▸ THE TASK
Down to the last line of the listing, starting at the one with "Если вдруг вы", retype each line exactly. Do not copy the pictures.

▸ COLLECTED MATERIAL
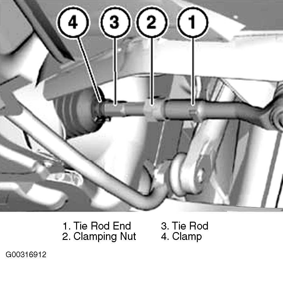 If necessary, remove steering wheel cover. Slacken clamping nut (2), gripping tie rod end (1) in the process. Remove clamp (4). Turn tie rod (3) to adjust toe-in to specified value. See Fig 1 . See WHEEL ALIGNMENT SPECIFICATIONS . Install clamp (4).
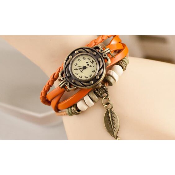 Ρολόι χειρός με Retro Καντράν, λουράκι από δερματίνη και μεταλλικό Φύλλο.
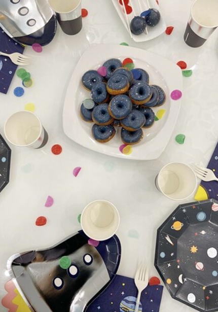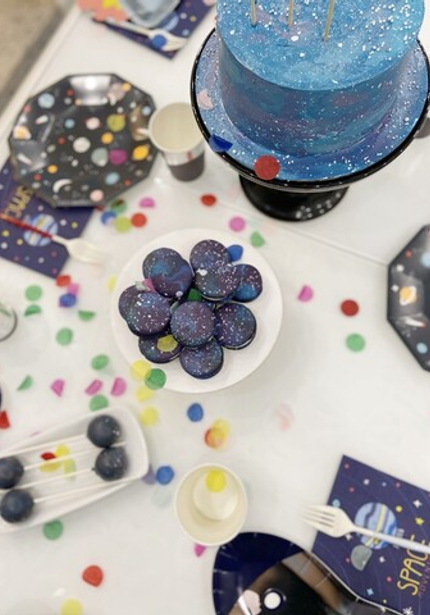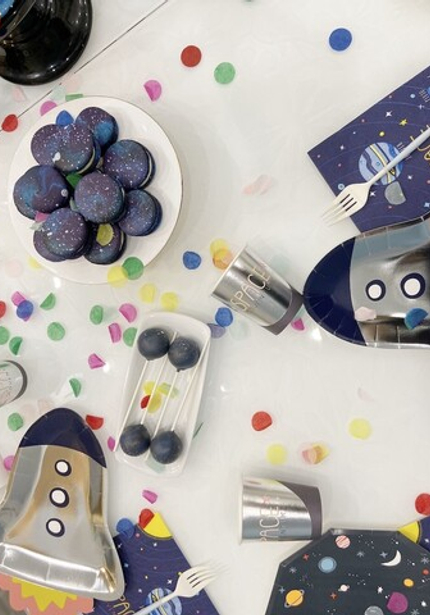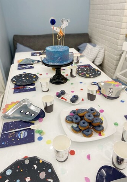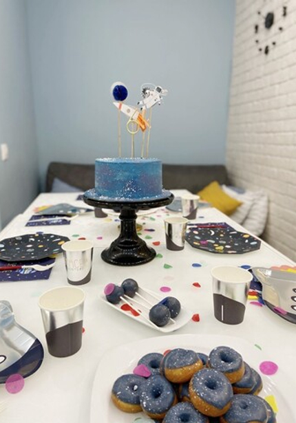 Если вдруг вы думали, что стильные вечеринки можно устраивать только в лофтах и студиях, то вот отличный пример, как отпраздновать дома и красиво! Вам нужно лишь выбрать понравившуюся коллекцию — наш именинник захотел космос. Украсьте пространство, накройте настол и добавьте тематические угощения от талантливых кондитеров. Готово! Можно делать памятные фотографии!
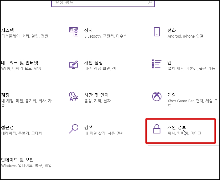 Windows 설정에서 [개인 정보]로 이동 합니다.

▸ YOUR SOLUTION
 Если вдруг вы думали, что стильные вечеринки можно устраивать только в лофтах и студиях, то вот отличный пример, как отпраздновать дома и красиво! Вам нужно лишь выбрать понравившуюся коллекцию — наш именинник захотел космос. Украсьте пространство, накройте настол и добавьте тематические угощения от талантливых кондитеров. Готово! Можно делать памятные фотографии!
 Windows 설정에서 [개인 정보]로 이동 합니다.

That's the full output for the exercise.